Le rapport conclut que le déclenchement des révolutions du Printemps arabe procède d'un
mécontentement croissant et largement partagé à l'égard de la qualité de la vie. Les personnes
ordinaires, en particulier les classes moyennes, étaient frustrées par la dégradation de leur qualité
de vie, une situation qui se traduisait par le manque d'emplois dans le secteur formel, la qualité
insatisfaisante des services publics et les problèmes de gouvernance. Le système généralisé des
subventions qui ne pouvait plus compenser toutes ces difficultés était le reflet d’une utilité
marginale décroissante ; les subventions importaient moins pour le bien-être des 40 % de la
population constituant la classe moyenne que pour le bien-être des 40 % les plus pauvres. Le
contrat social de redistribution sans donner voix au chapitre a cessé de fonctionner. La classe
moyenne en voulait davantage : se faire entendre, avoir de véritables opportunités et tenir les
pouvoirs publics comptables de leurs actions.
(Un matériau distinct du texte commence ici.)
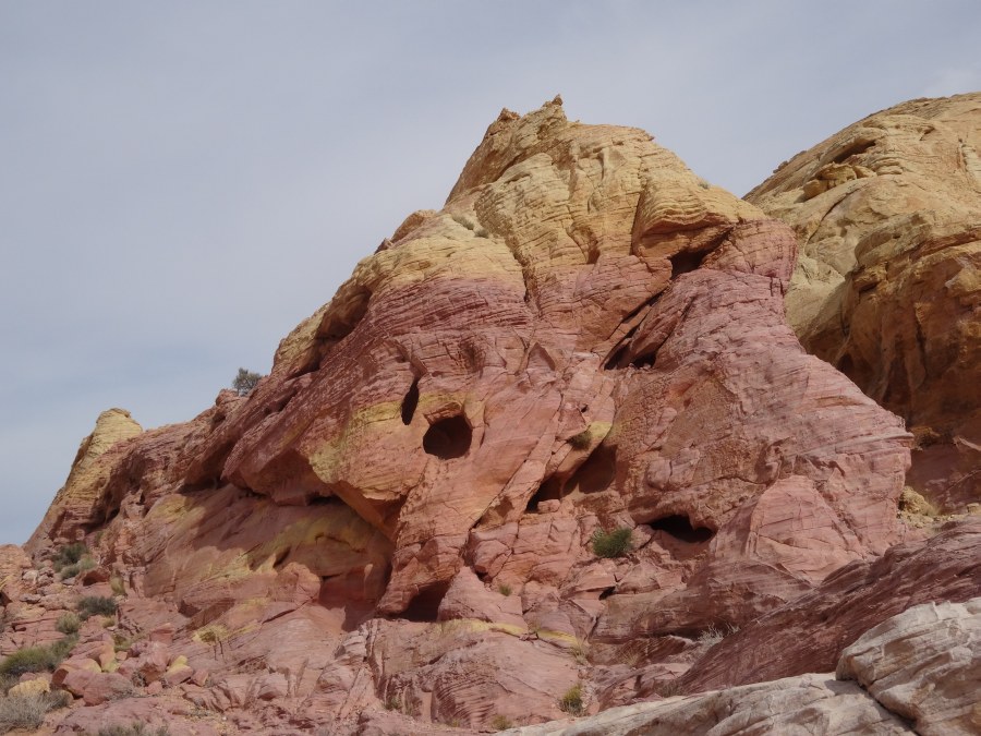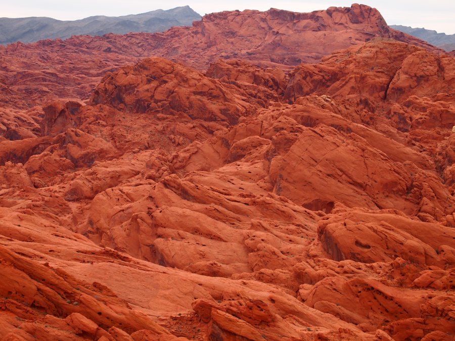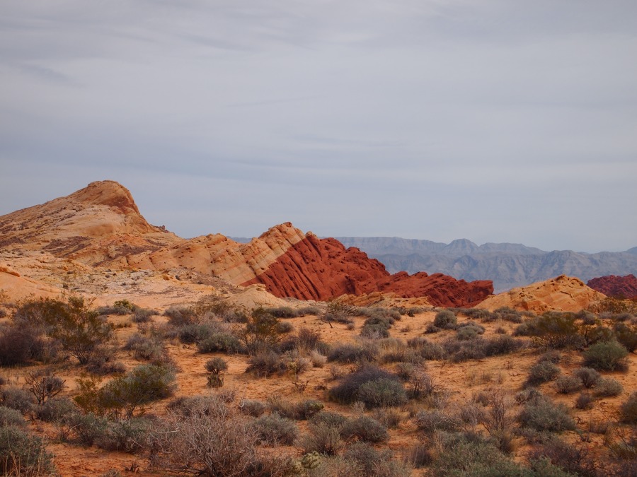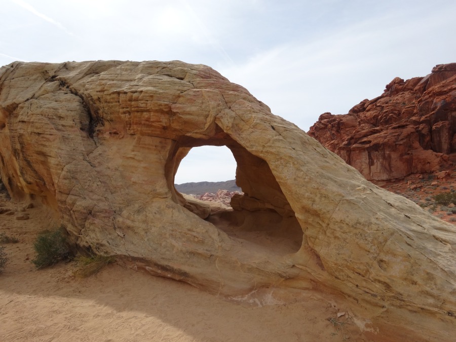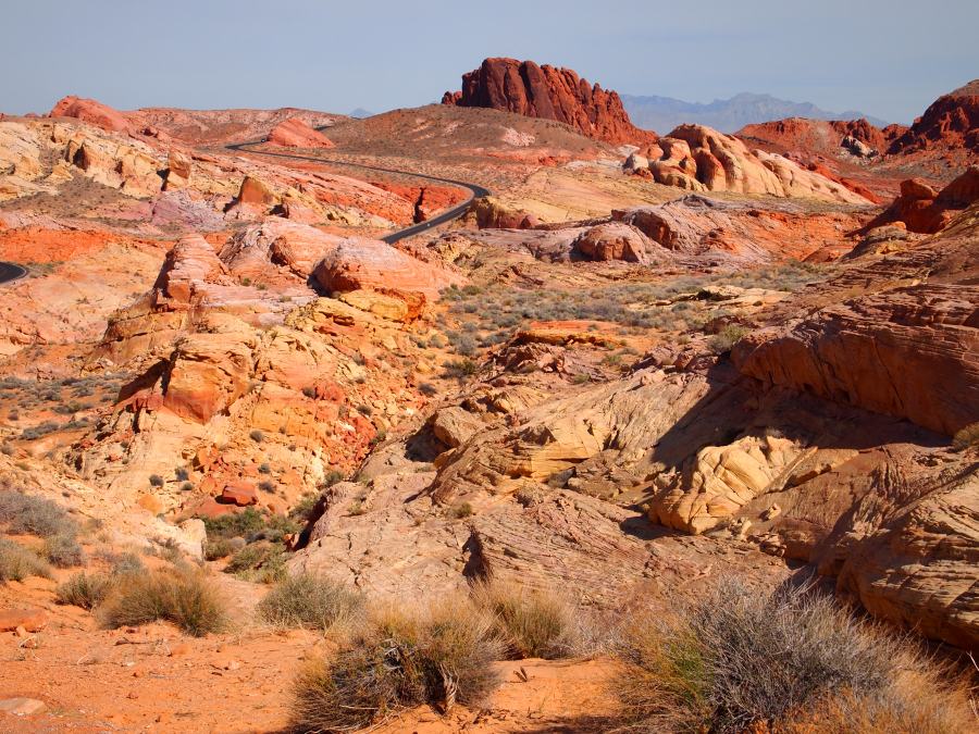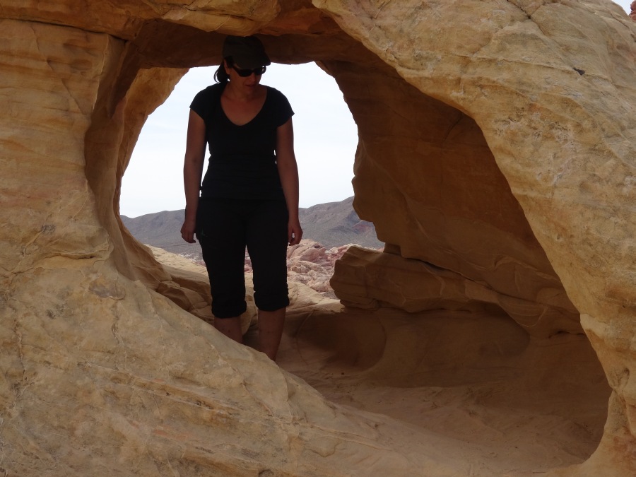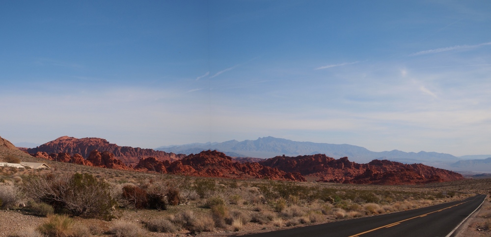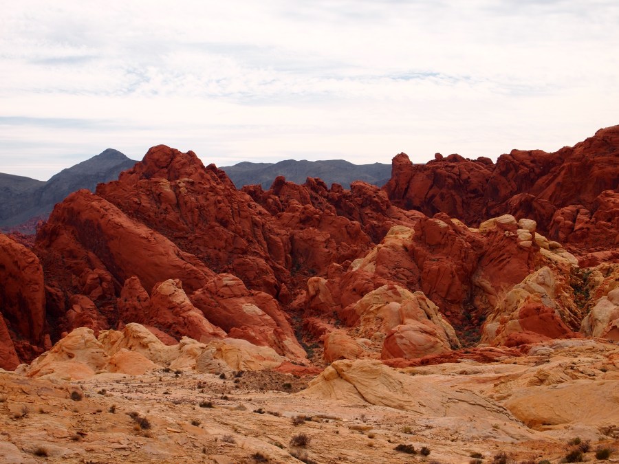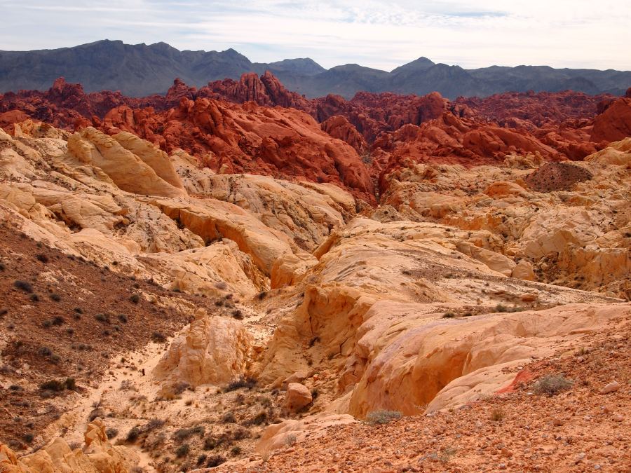 Von der Spitze ist die Aussicht auf die Umgebung phänomenal. Der gesamte Bereich des Valley of Fire, hinüber bis zum Lake Mead und Little Finland Bereich. Besonders der Übergang vom gelben auf das rote Gestein hat es uns angetan.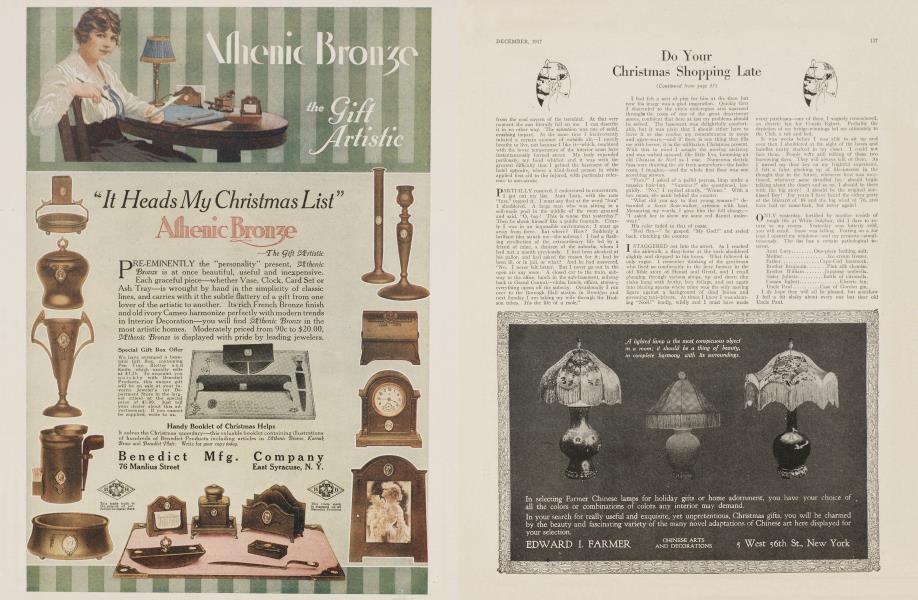 December 1917 George S. ChappellA YEAR ago I had a frightful time with my Christmas shopping. I put it off until too late. I know this is a shocking admission, for it was quite as outré at that time to postpone one's Christmas shopping as it would be nowadays to walk into a war-worn drawing room and boldly demand a cocktail. But it is a fact. Regardless of newspaper slogans, pictures of pleading saleswomen and the dictates of common or preferred sense, I deliberately postponed the evil day, and finally sallied forth on the very eve of our great gift-swapping contest armed with a list, a king's ransom and a determination to do or die.

La violence extrême qui se répand dans la région MENA au lendemain du Printemps arabe semble
être davantage liée aux grandes inégalités entre des groupes organisés suivant des critères
ethniques ou sectaires plutôt qu’aux inégalités économiques proprement dites. Même si les
revendications à elles seules n’entraînent pas la guerre civile, les manifestations et les
soulèvements motivés par ces revendications peuvent se transformer en guerres civiles si des
groupes organisés selon des critères sectaires et/ou ethniques s’en servent pour obtenir le soutien
du public. Dans ces sociétés fortement polarisées, l’existence de ressources naturelles et d’une
large proportion de jeunes hommes sans emploi accroît davantage les risques de conflit. C'est dire
qu'au lendemain du Printemps arabe, la région MENA semble être au bord du chaos.
Source : Ianchovichina, E., Mottaghi, L. et Devarajan S. (2015) Inequality, Crisis, and Conflict in
the Arab World. Rapport de suivi économique de la région Moyen-Orient et Afrique du Nord
(MENA). Washington : Groupe de la Banque mondiale.